# Mexican spiny tailed iguana



## bumbleyjoe (Feb 5, 2010)

Hi
Someone i work with has got a mexican spiny tailed iguana (his room mate left it with him when he went home), which he doe not want (he is not a very reptile person). Someone is ment to be taking it off his hands but he seems to think that its not going to happen, in which case he will be giving it to me. Just incase this happens i want to find out as much as i can before it turns up! 
Could anyone give me some advice as to how to care for these lizards or direct me to some really good care sheets. 
Im not a novice when it comes to keeping reptiles but really have no clue as to how to look after these lizards, and when i googled it i found very little information. Plases help! i will be eternaly in you debt :notworthy: :lol2:

Hal


----------



## bumbleyjoe (Feb 5, 2010)

Anyone? please help if you can! i really dont want to take on a lizard without researching it first and getting some decent info from experienced keepers etc!


----------



## bumbleyjoe (Feb 5, 2010)

please! is there really no one on here who can help?


----------



## Ninjaaa23 (Jan 22, 2010)

iguanas - Care Sheets Information about Spiny Tailed Iguana Lizards iguanas ,characteristics and sexing, Description of Diet, Diet-Omnivorous,Supplements, Nutrition and Usage - calcium and vitamins, Lighting and UVB,Tempatures and Humidity,Caging, Su
iguanas - Care Sheets Information about Spiny tailed iguana (Ctenosaura similis) Lizards iguanas ,characteristics and sexing, Description of Diet, Diet-Omnivorous,Supplements, Nutrition and Usage - calcium and vitamins, Lighting and UVB,Tempatures an
Spiny-tailed (Black) Iguanas
http://www.petiguanacare.com/tag/mexican-spiny-tailed-iguana
:google::lolsign:


----------



## bumbleyjoe (Feb 5, 2010)

Ninjaaa23 said:


> iguanas - Care Sheets Information about Spiny Tailed Iguana Lizards iguanas ,characteristics and sexing, Description of Diet, Diet-Omnivorous,Supplements, Nutrition and Usage - calcium and vitamins, Lighting and UVB,Tempatures and Humidity,Caging, Su
> iguanas - Care Sheets Information about Spiny tailed iguana (Ctenosaura similis) Lizards iguanas ,characteristics and sexing, Description of Diet, Diet-Omnivorous,Supplements, Nutrition and Usage - calcium and vitamins, Lighting and UVB,Tempatures an
> Spiny-tailed (Black) Iguanas
> http://www.petiguanacare.com/tag/mexican-spiny-tailed-iguana
> :google::lolsign:


 
Unfortunatly i already looked at all these and found them not very helpful! Like the top 2, saying no substrate is needed... hmm!

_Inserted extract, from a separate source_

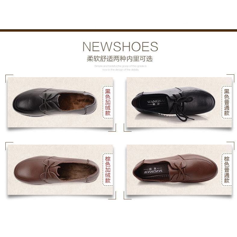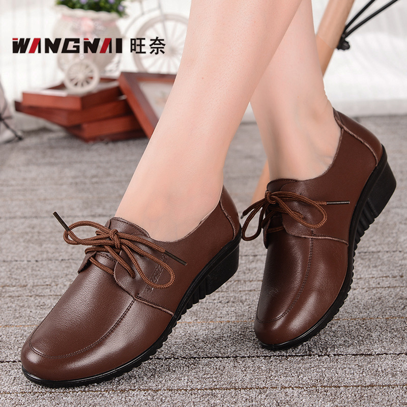 女坡跟舒适系带皮鞋 43大码 春秋款 旺奈妈妈鞋 女鞋 真皮软底单鞋

Was just hoping i could get some good information from someone on here who keeps them. Got a basic understanding from these google pages but after reading them am still not really sure of their best care... Also they all contradict each other!!


----------



## Melonhelmet (Nov 11, 2008)

All I know is you'll probably get bit. They are known to be rowdy.


----------



## bumbleyjoe (Feb 5, 2010)

Melonhelmet said:


> All I know is you'll probably get bit. They are known to be rowdy.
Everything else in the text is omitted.